Ingredients

4 cups chicken broth
3 tablespoons cornstarch
2 eggs , lightly beaten
1 teaspoon rice wine vinegar
1 1/2 cups frozen peas , thawed
Chinese Egg Flower Soup is a simple and nutritious soup that is perfect for a quick lunch or dinner. It is a staple soup in many Chinese restaurants and homes, and it is popular due to its simplicity and health benefits. The soup is made with chicken broth, cornstarch, lightly beaten eggs, rice wine vinegar, and frozen peas. It is incredibly easy and quick to make and can be a satisfying meal option on busy days.

Instructions

1.In a pot, bring chicken broth to a boil.
2.In a small bowl, combine cornstarch with 3 tablespoons of water until fully dissolved.
3.Gradually whisk the cornstarch mixture into the boiling broth and stir gently for 2 minutes.
4.Lower the heat to medium and stir in the beaten eggs in a circular motion until egg ribbons form.
5.Add rice wine vinegar and frozen peas. Cook for an additional 2 minutes.

PROS

This soup is low in calories and fat, making it a great choice for a healthy lunch or dinner.

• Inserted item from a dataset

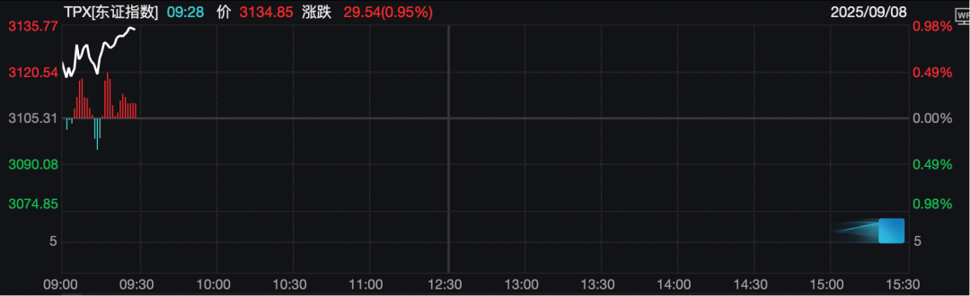 同时,日本东证指数突破8月18日高点,升至历史高点3135.77点,日内涨幅超0.9%。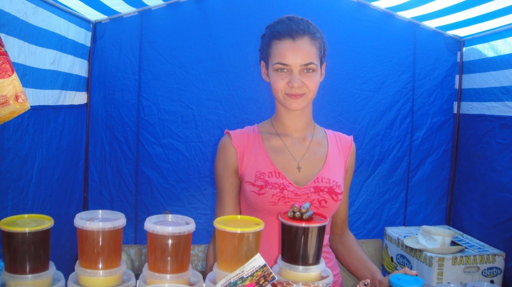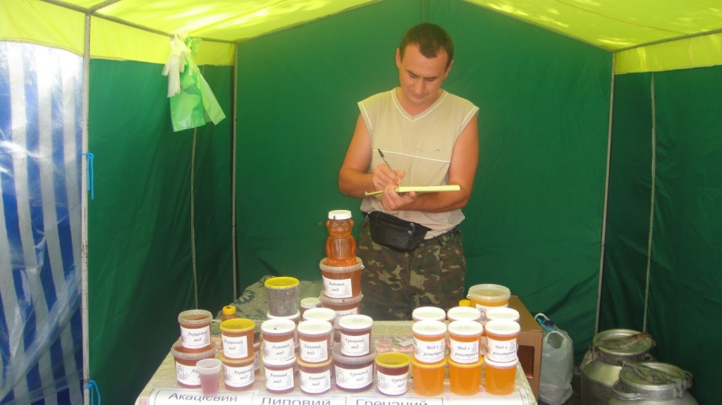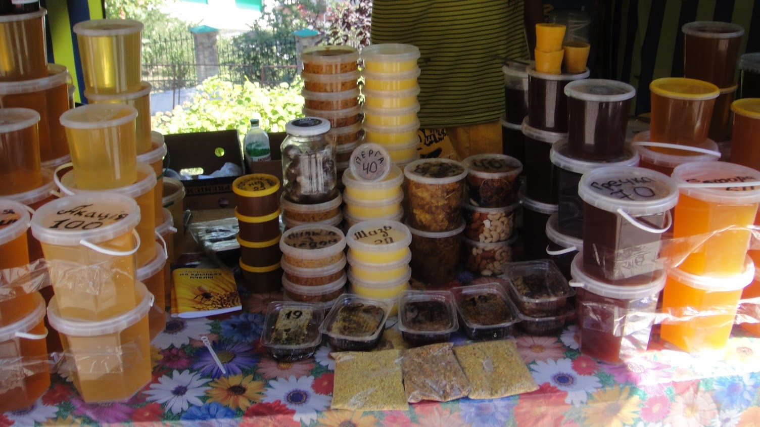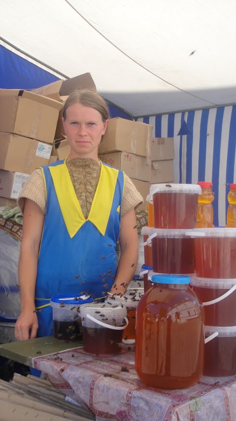 In August of 2010 I was in Kiev for the first time since the fall of communism. I was lucky enough to stumble upon a honey festival — honey being one of Ukraine‘s and Russia‘s and wooded eastern Europe’s valuable trade product for centuries — that that year was held on the grounds of Kiev’s Pecherskaya Lavra – Києво-Печерська лавра, one of the most stupendous collections of churches and monasteries in the world and most sacred to both Russian and Ukrainian Orthodoxy (not a pretty dialogue these days): a farmers’ market from the countryside surrounding the city, and they all brought their honey and other bee-related products to sell.

The eggs and peas provide a good source of protein and vegetables.

CONS

The soup might not keep you full for an extended period since it is low in carbohydrates and fiber.

It lacks flavor complexity and can be bland without additional seasoning.

HEALTH & BENEFITS

Eggs have a lot of benefits. They’re an excellent source of high-quality protein, vitamin B12, and vitamin D.
Peas are an excellent source of plant-based protein, iron, and dietary fiber.
The chicken broth is also great for supporting immune and gut health.